_Exercise goal_
Starting with the line that contains "Z górnej stacji" and stopping after the line that contains "Rectangle Tiger Eye", copy the entries below exactly. Include nothing else.

_Record set_

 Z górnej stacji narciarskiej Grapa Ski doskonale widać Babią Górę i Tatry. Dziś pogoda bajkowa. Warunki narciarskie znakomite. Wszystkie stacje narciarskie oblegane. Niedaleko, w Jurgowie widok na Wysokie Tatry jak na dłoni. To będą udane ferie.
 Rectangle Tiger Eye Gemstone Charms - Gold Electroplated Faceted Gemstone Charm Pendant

* * *

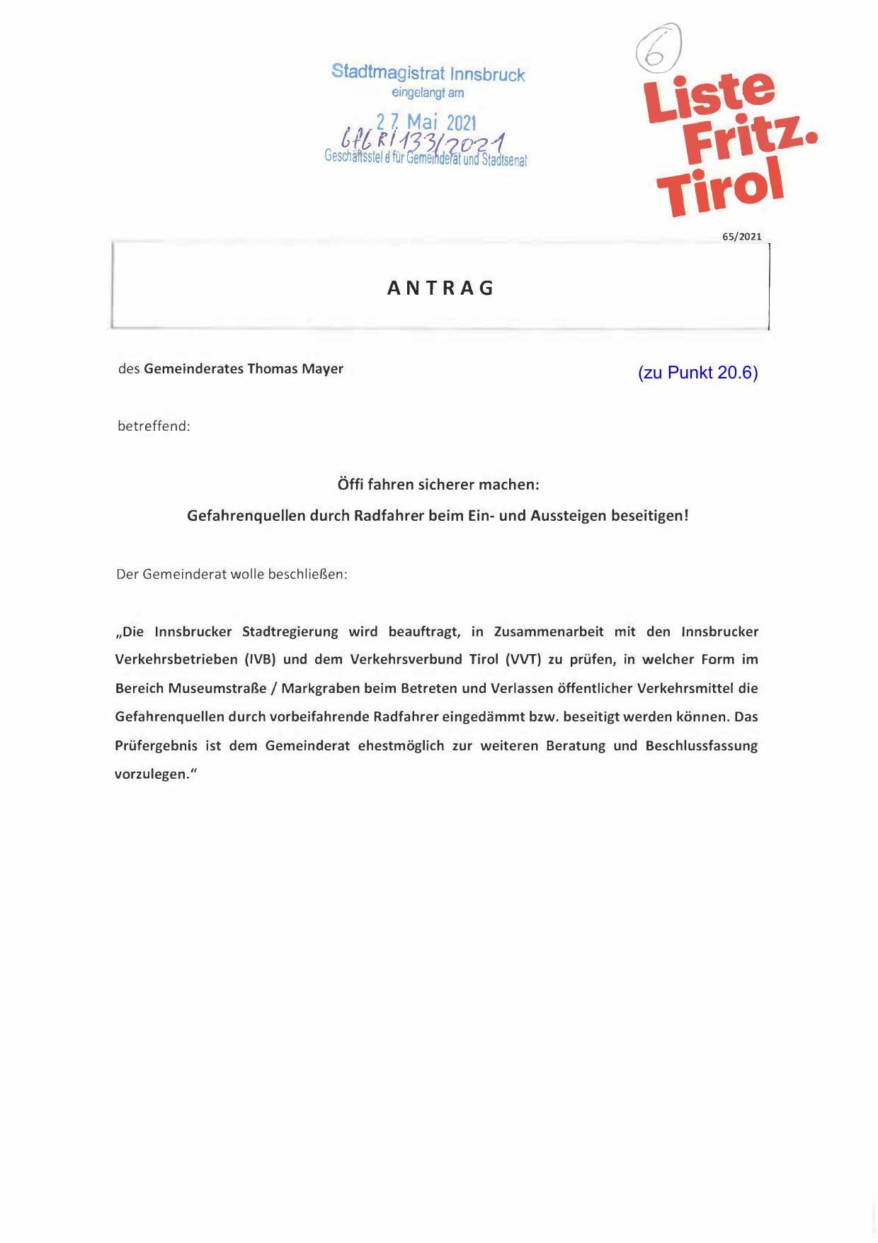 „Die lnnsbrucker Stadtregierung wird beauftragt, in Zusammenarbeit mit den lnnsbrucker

* * *

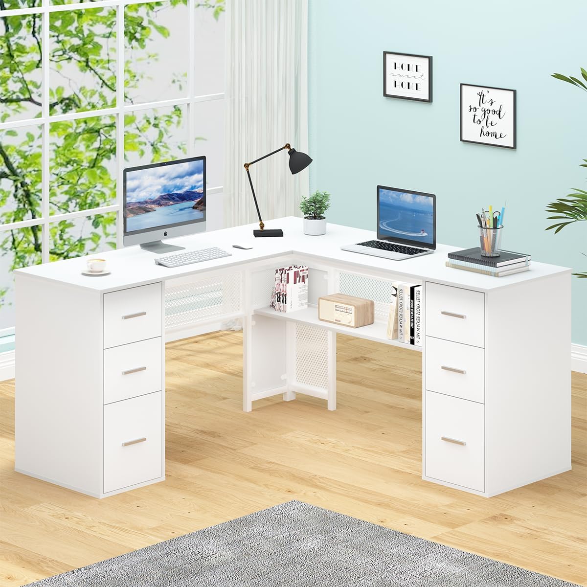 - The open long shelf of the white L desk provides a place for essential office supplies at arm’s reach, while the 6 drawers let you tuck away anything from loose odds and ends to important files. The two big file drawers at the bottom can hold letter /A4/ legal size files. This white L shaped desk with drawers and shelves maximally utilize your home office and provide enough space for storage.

_Response_
 Z górnej stacji narciarskiej Grapa Ski doskonale widać Babią Górę i Tatry. Dziś pogoda bajkowa. Warunki narciarskie znakomite. Wszystkie stacje narciarskie oblegane. Niedaleko, w Jurgowie widok na Wysokie Tatry jak na dłoni. To będą udane ferie.
 Rectangle Tiger Eye Gemstone Charms - Gold Electroplated Faceted Gemstone Charm Pendant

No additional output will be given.